We also have a larger strategic goal: We should make it possible for the growth economies of Africa to become a complementary pole of growth over the next 10 to 15 years.
We are devising a “One Percent Solution” for Equity Investment in Africa to be a step towards the goal. Where some see sovereign funds as a source of concern, we see opportunity. Today, sovereign wealth funds hold an estimated $3 trillion in assets. If the World Bank Group can create the equity investment platforms and benchmarks to attract these investors, the allocation of even one percent of their assets would draw $30 billion to African growth, development, and opportunity. This one percent could be the start of something much bigger, across more types of funds and countries, because the investment of wealth into equity for development offers opportunity, not something to fear.
Doubters may shake their heads. [head-shaking, head-shaking]. But consider the uncertainties of China’s and India’s prospects in 1993. Five years later, the world looked to China only to maintain currency stability amidst East Asia’s turmoil. Today, China and India are engines, still facing complex and difficult problems, but driving motors of growth. Goals that one day seem impossible, the next day can seem inevitable.
What of Africa? Between 1995 and 2005, 17 countries of sub-Saharan Africa, representing 36 percent of the population, grew on average 5.5 percent without the impulse of great natural resources; eight oil producing nations, representing another 29 percent of the people, grew on average 7.4 percent over that decade.
These countries want to build on the social development foundation of the MDGs. They want to grow. They need low-cost, reliable energy; infrastructure; regional integration with access to global markets; and stronger private sectors.
They offer investment opportunities.
A lesson of the recycling of petrodollars in the 1970s is that equity investments are more sustainable than debt. Several emerging market funds have already started to invest long-term in Africa.
One of the ironies of today’s global economy is that although short-term liquidity has dried up, long-term liquidity remains ample. Witness the sovereign wealth funds, another prominent feature of the new globalization and the growing influence of developing economies.
Some sovereign funds are built on demand for oil and other commodities. Others, especially in East Asia, arose out of the trauma of 1997-98: to “self-insure” against calamities in capital markets, governments built reserve cushions based on exchange rate policies, trade surpluses, and prudent fiscal management.
Sovereign funds are already serving as a brace for the recapitalization of financial institutions; I expect in coming months that they will continue to sustain globalization – and broaden its inclusiveness – through further equity investments as the deleveraging of the financial system runs its course and better information clarifies the best buys.

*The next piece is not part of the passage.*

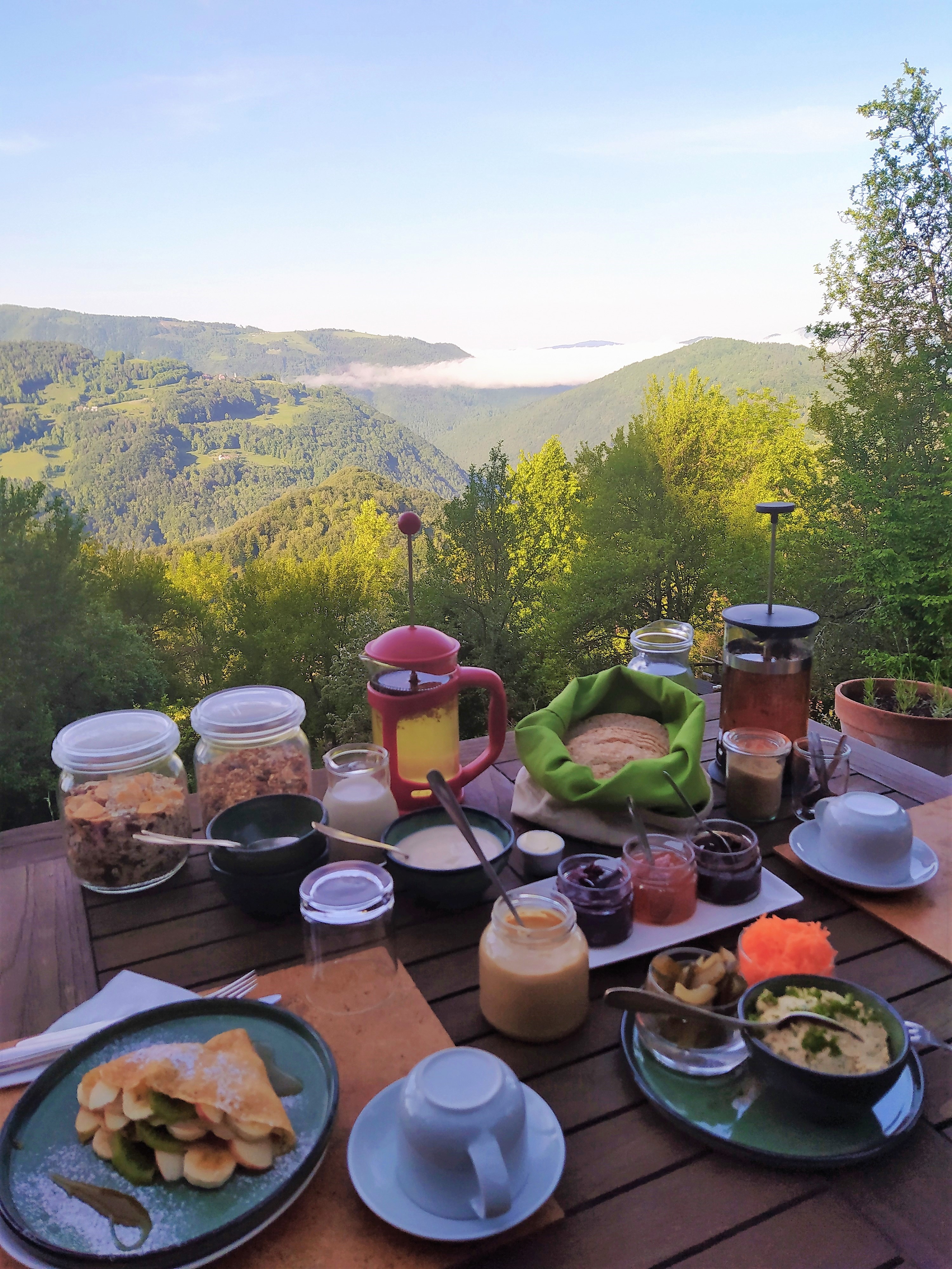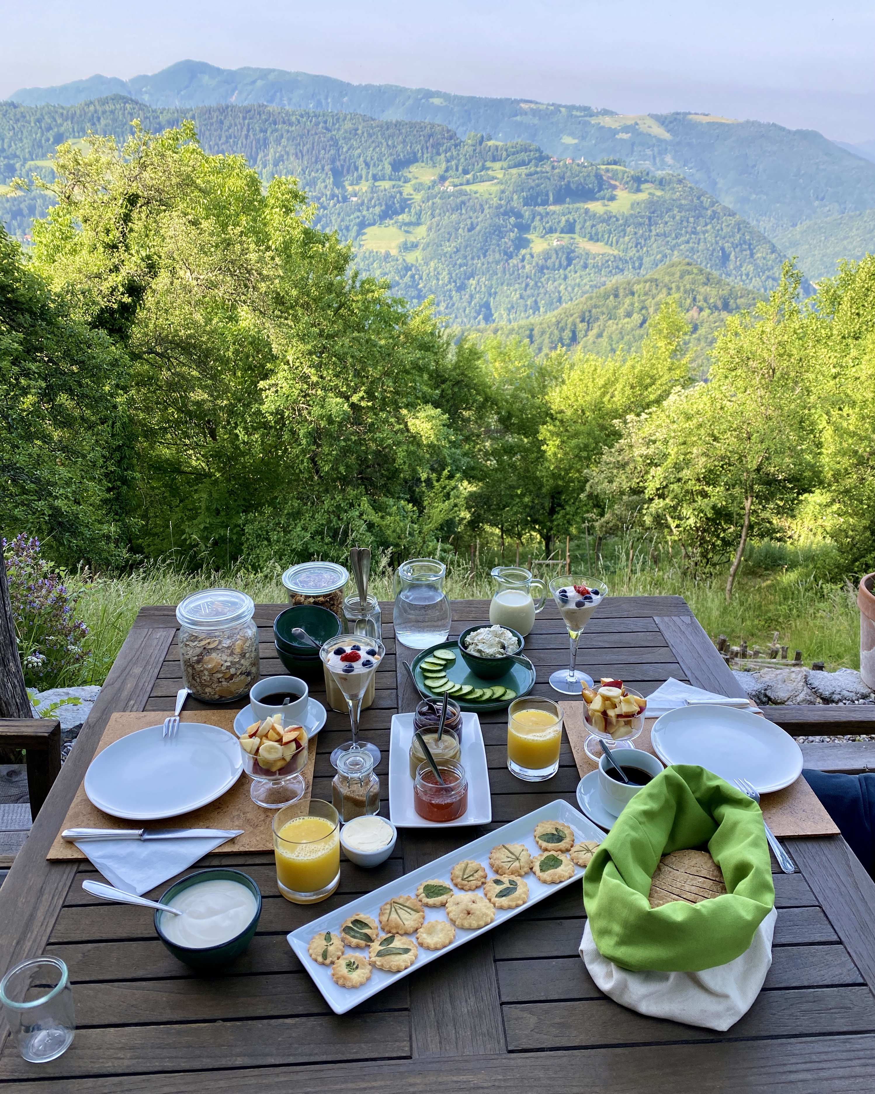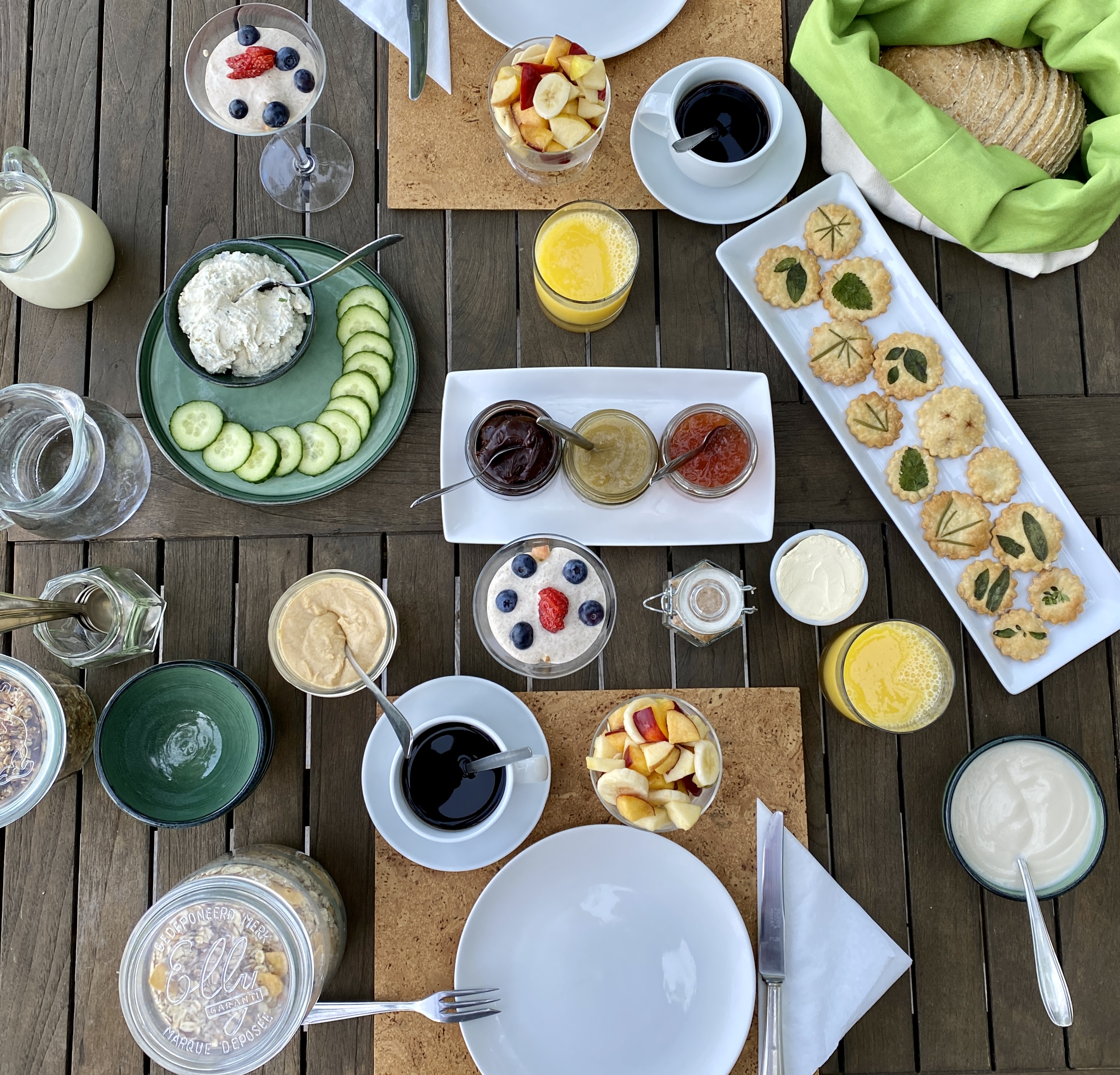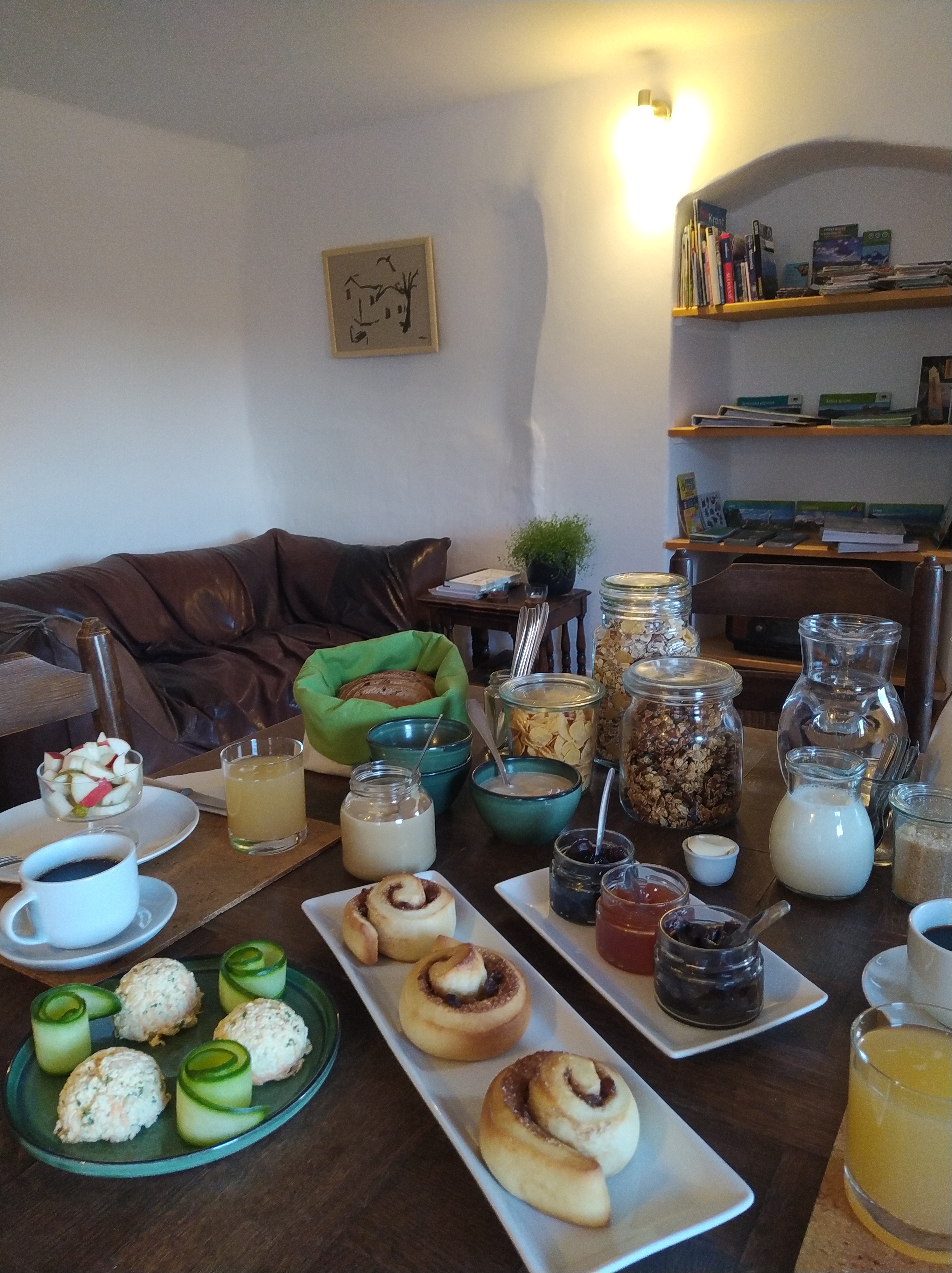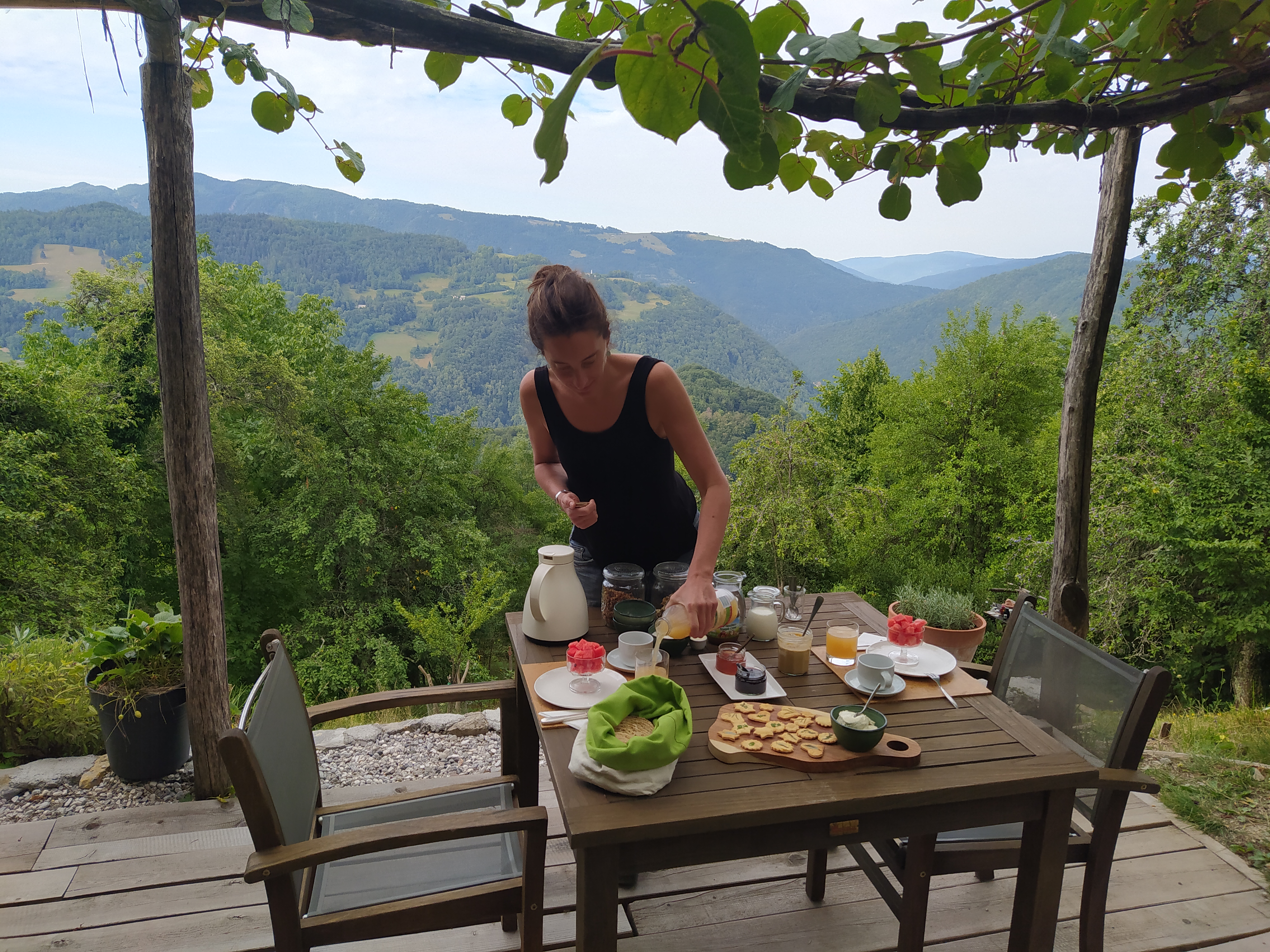 De ontbijttafel dekten we meestal buiten op de kiwipergola of aan de vijgenboom. Bij het ontbijt proefden de gasten regelmatig kruiden of bessen uit de tuin.

Yes, the sovereign funds need transparency and should be guided by best practices to avoid politicization. But I believe we should celebrate a possibility that government-sponsored funds will invest equity in development.

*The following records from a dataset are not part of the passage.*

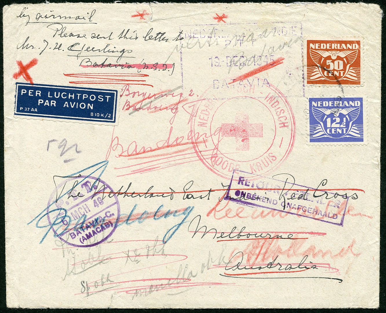 Brief, met boeiende inhoud, van Vlieland 20-12-1945 per luchtpost naar het ´Netherlands East Indies Red Cross´ te Melbourne, met verzoek de geadresseerde te vinden, met als resultaat allerlei postale notities en vooral Amacab- en Rapwi-stempels, uiteindelijk retour op 6-3-1946. Een brief die, ook door zijn inhoud, alles samenvoegt van deze periode uit de geschiedenis
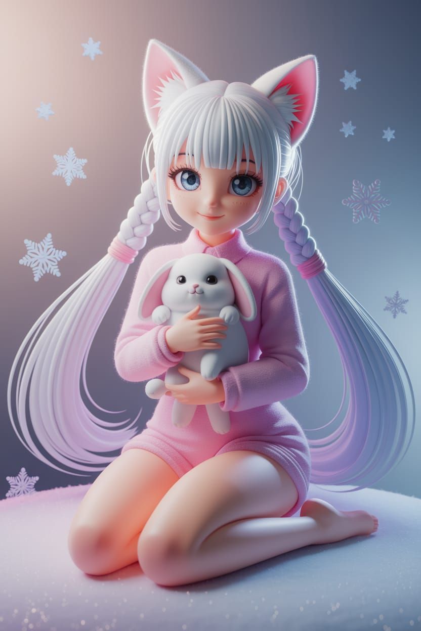 A 3D anime-style illustration of a cat woman with white pigtails, wearing pink and holding a rabbit. She sits on snow amid snowflakes and sparkling particles in kawaii style.
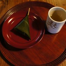 上がり框に腰かけて、麩饅頭をぱくり
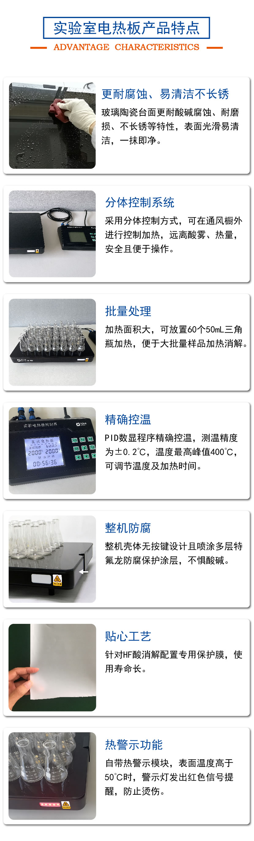 HT-400陶瓷加熱板專用于無機化學元素分析時對各類樣品作加熱、消煮、趕酸用的恒溫加熱裝置。臺面具有耐酸堿,不生銹等特性;分體PID程序數(shù)顯控溫,是實驗室樣品預處理好助手。
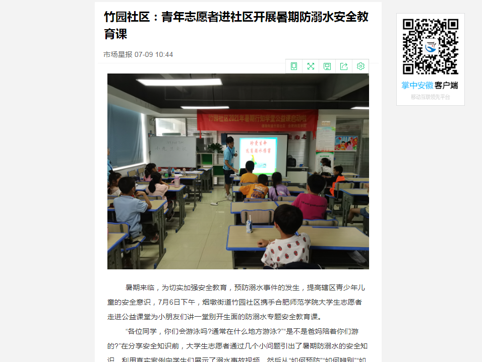 暑期来临,为切实加强青少年儿童安全教育,预防溺水事件发生,提高辖区青少年儿童安全意识,7月6日下午,烟墩街道竹园社区携手3003新葡官方网站“行知学堂”志愿者开设公益课堂,为辖区小朋友们举办了一堂别开生面的防溺水专题安全教育课。《市场星报》对此进行了报道。
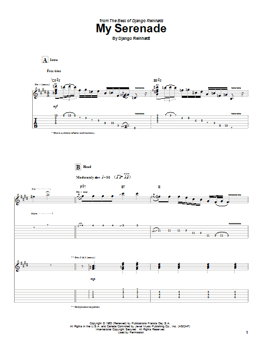 Download or print Django Reinhardt My Serenade sheet music, chords and digital score arranged for Guitar Tab. This Jazz score includes 7 page(s).
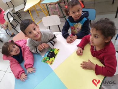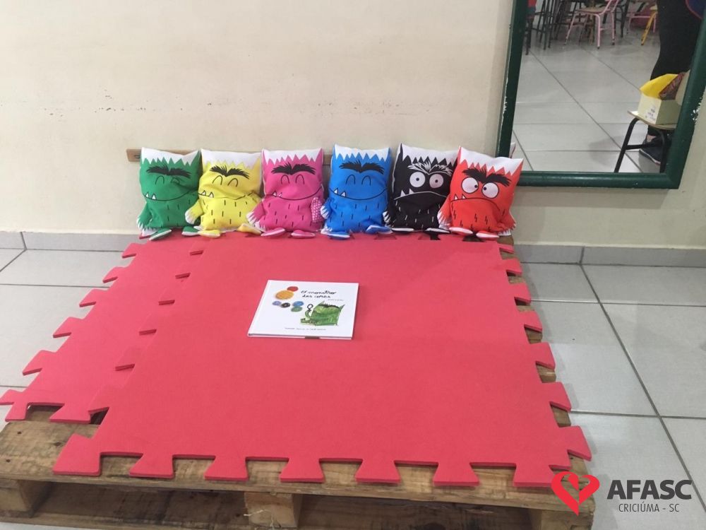 “O monstro das cores não sabe o que está acontecendo com ele. Suas emoções estão embaralhadas e agora ele precisa organizá-las”. Essa foi a história especial contada para as crianças do Grupo III B do Centro de Educação Infantil (CEI) da Associação Feminina de Assistência Social de Criciúma (Afasc) Gerda Becke Machado, pelas professoras Carolina Marcondes e Suelen Danielski, por meio do livro “O monstro das cores”, de Ana Llenas, que trouxeram para sala de aula o tema “Trabalhando as cores por meio da leitura e emoções”.

The World Bank Group, especially through the IFC, can help connect long-term global liquidity with the African investment opportunity. IFC has invested some $8 billion in sub-Saharan Africa since inception, about $160 million in equity last year alone. IFC is setting up two new $100 million funds for infrastructure and microequity. We believe the equity prospects are expanding fast. IFC is now working on an open architecture platform for funds, drawing on IFC’s access, knowledge, and capital, but also welcoming joint ventures with governments and their funds.
We can help other investors over the initial hurdles of investing in new equity opportunities in Africa. We can help countries resolve legal impediments and improve the regulatory and pricing regimes for infrastructure investments. MIGA can offer political risk insurance.
Then sovereign wealth funds can join us, even invest with us, not as another source of development assistance, but rather as long-term investors. Our position makes us a “preferred partner.”
Just as the Bank’s Group’s GEMLOC project is helping accelerate development of domestic, local-currency debt markets in developing countries as a separate asset class, measured against a new index of performance, so we can encourage investors’ allocations to African equity as a viable “frontier” asset class. These assets will add benefits in portfolio performance and diversification, both geographically and by type of investment.
By helping construct new indices for African investments, the Bank Group will also attract investors that need benchmarks for performance.
Then we or others can develop index funds for Africa. Over time, these vehicles can draw in a broader range of investors, including pension funds.
This “One Percent Solution” is a pathway to include Africa in the full gains of globalization. It is a strategy to strengthen the globalized system, add sources of growth, and promote the sustainability of globalization.